National Institute of Nutrition

In this note, Ankita Mondal provides an account of the impact of seasonality on nutrition and livelihoods of the rural poor, especially women.

This is the fourth post of a five-part series.

While for most of the economically privileged class, seasonal changes bring variety in terms of food, living, clothes, or an opportunity for a vacation, many rural residents are vulnerable to seasonal changes and experience hunger, extreme poverty, and drudgery, especially during the lean season before agricultural harvests. In this note, I present a brief account from a participatory research project in the states of Bihar and Odisha that provides insights into the nuanced impact of seasonality on nutrition and livelihoods of the rural poor, especially women.

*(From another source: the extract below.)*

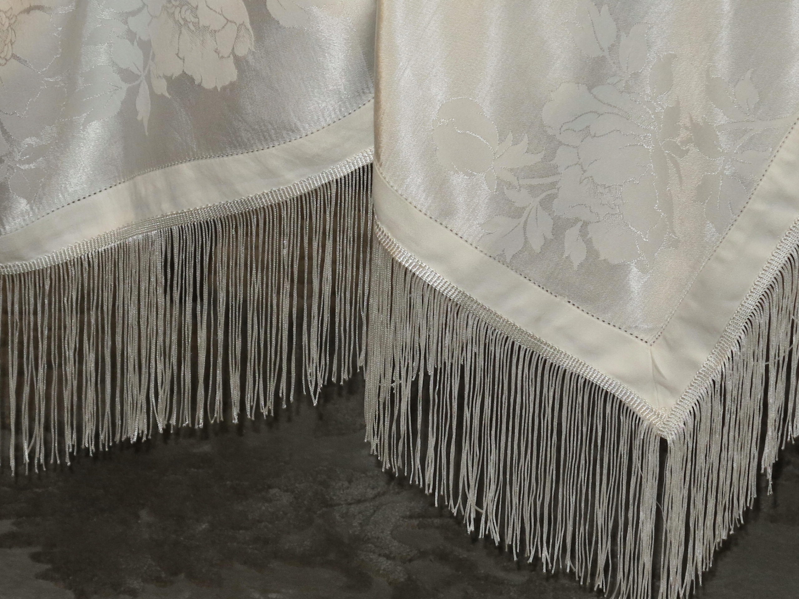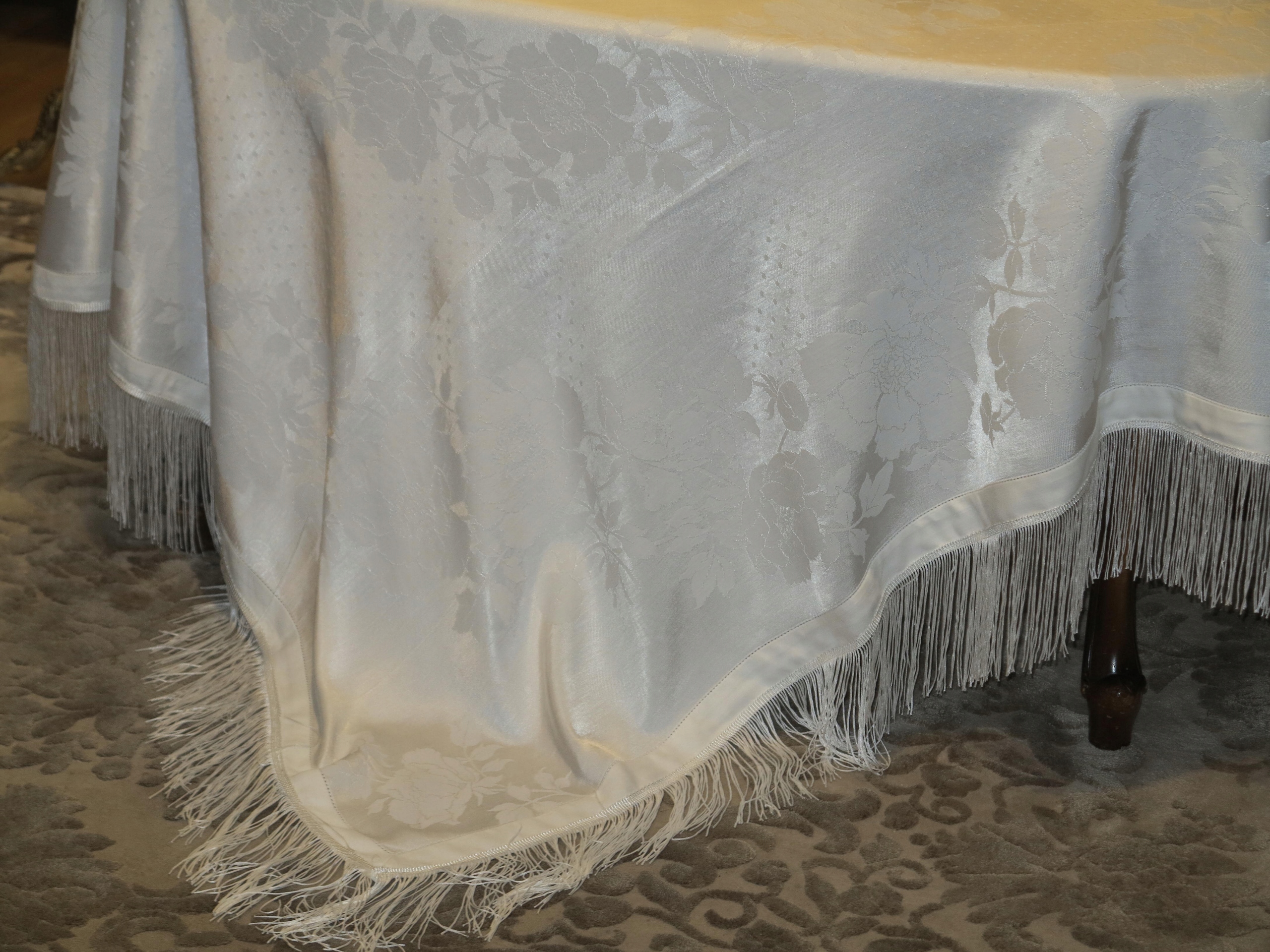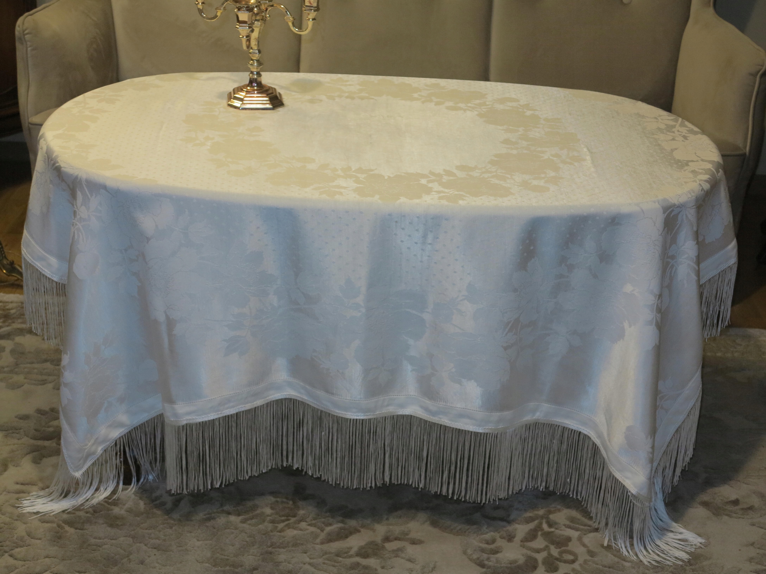 надзвичайно красива білузинова скатертина з бавовняною дамасом Дамаск. Фон у атласному блиску, матові квіткові візерунки. Скатертина навколо прикрашеної дуже довгими шовковими бахроми 14 см. Крім того, з бахромом, смужкою, прикрашеною мірською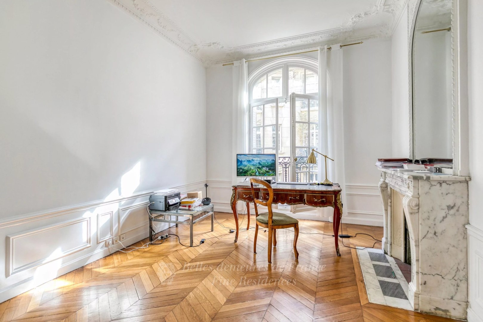 This superb apartment is on the 3rd floor of a fine early 20th century freestone building located in a peaceful street a stone’s throw from Avenue Victor Hugo. It includes a living/reception room featuring a box ceiling and Herringbone parquet flooring, a dining room, a fitted and equipped kitchen, three bedrooms, a dressing room, a bathroom with a wc, a shower room with a wc, and a separate guest wc. Cellar. Collective heating. The building has a caretaker, and is equipped with a lift, a door-entry code and an intercom.

Photo credit: Ankita Mondal

The critical role of seasonality in food security, particularly in agrarian societies, is well-known. Seasonal hunger usually strikes during the wet season between sowing and harvesting of major crops when several adverse factors are at play simultaneously, including food scarcity, increased food prices, and depleted food stocks. In Odisha, a group of women corroborated that the rainy season is the “toughest”, due to unavailability and high prices of the vegetables in the market. Even for the few who have kitchen gardens vegetables weren’t mature enough to be plucked, since the growing period for these crops coincides with the cropping season. Further, cyclical occurrence of diseases like diarrhoea and skin infections during wet seasons adds to the challenge. Robert Chambers famously referred to this lean season as “the hungry season and the sick season”; “the time of year when poor people are at their poorest and most vulnerable to becoming poorer.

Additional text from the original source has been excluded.